Getting a mortgage that suits your needs as a landlord is incredibly important if you want to maximise your return on investment. In this article, Matt Stevens from The Mortgage Genie, who offer a brokerage service for buy-to-let mortgages, offers his top five tips for finding the right deal.

Are you thinking about buying a property to rent out? Since the 1980s, the buy-to-let market has been providing additional income to landlords, and with around one quarter of UK households expected to rent privately by 2021 (Knight Frank), it looks like demand will only getting higher.

Once you’ve found the right property to rent out, you will need to navigate the buy-to-let mortgage market to secure a deal that will not only be affordable, but will help to provide a return on investment. However, the process of finding the right product and applying can prove to be a challenge — especially for new landlords. So, that’s why I’ve put together my top five tips for doing exactly that.

Do your research before taking the plunge

Though you’ve probably successfully applied for a residential mortgage or two in the past, it pays to familiarise yourself with the ins and outs of the buy-to-let mortgage market before applying. Doing some research into what to expect will mean there are no surprises when the time comes to sit down and complete your paperwork.

While buy-to-let deals have much in common with standard home loans, there are some big differences. For one, the deposits you’re expected to pay upfront are larger: 25% of the property value is usually minimum, running all the way up to 40%.

Another difference is in the way that buy-to-let mortgages are repaid. Most are interest-only, where you only pay the interest each month and the original debt is cleared when the property is sold. This differs from a regular mortgage where you are able to repay some of the original loan. The result is a debt that remains static until you decide to sell.

Know how much rent you could potentially earn

A bank or building society will also assess a buy-to-let mortgage differently to how they would a regular mortgage. Rather than looking at your income, they look at the expected rental income of the property, with the majority of lenders wanting an annual rental income of 125% of your annual interest payments. This makes it crucial to know what rent you could potentially earn so that you can apply for the right mortgage.
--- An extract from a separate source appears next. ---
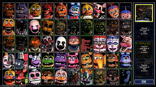 1、游戏中,你可以选择接近50个玩具熊的来进行七天五夜的生存。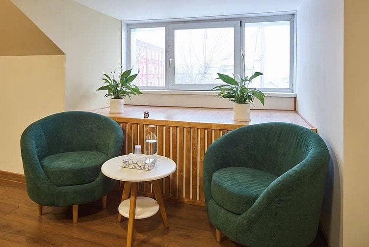 Еще в кабинете есть два кресла и журнальный столик. Это позволяет проводить индивидуальные консультации. Таким образом, кабинет может быть достаточно многофункциональным и будет интересен специалистам разных направлений.

To find out how much annual rental income you could be in line to earn, you need to research the market in the area of your desired property. Look at local listings for rentals and see what landlords are charging for similar houses or flats and use this information to work out if you will be able to afford to pay back 125% of the interest on any mortgage deal you are considering. If you can’t afford to cover the cost, you will likely be turned down.

Look at the bigger picture when choosing a product

When you are considering which buy-to-let mortgage product to choose, it’s easy to get distracted by rates, deposits, and fees, rather than looking at the long-term cost. Chances are that you will be planning to keep your property for quite a few years, so it pays to look at the Annual Percentage Rate of Charge (APRC). This tells you how much your mortgage would cost you each year if you keep the property for the duration of the term, including the main rate and any introductory rates or fees.

Any mortgage provider or advisor has to give you the APRC as part of a quote, as required by law. It will give you a look at the bigger picture when it comes to a particular mortgage product and will help you pick one that is beneficial overall, rather than in the short-term. However, it is worth remembering that you may find a better deal down the line and choose to remortgage, so the APRC is not the be-all and end-all of your financial future, but rather a snapshot of how it could look.

Seek professional advice

When you are entering the buy-to-let mortgage market, it can be beneficial to have someone who knows it well to help you find the right deal. That’s why you should consider employing the services of a mortgage broker who can work with you to create a shortlist and get your application together.

A good broker will sit you down and find out about your personal circumstances and what you want from your buy-to-let. And, many brokers also have access to exclusive deals and specialist lenders that aren’t available to people who decide to go it alone.

Keep an eye on your mortgage rate
Finding a good buy-to-let mortgage doesn’t end when you sign the agreement on your contract. You may see a better deal available further down the road that will provide better value to you or suit a change in your financial circumstances, and it’s important to remember you can remortgage to get that deal.

Therefore, it’s wise to keep an eye on your current deal and the mortgage market to see if you could switch to a better rate. You should keep a record of when any introductory rate ends, as this will often end up with you being switched to a higher interest rate. As a general rule, it’s worth reviewing the status on your mortgage and the state of the market on an annual basis to make sure you don’t miss out on an opportunity.

I hope these five tips will help you to get the best possible buy-to-let mortgage deal. Keep them in mind and you’ll be in the best position you can be to enter the market.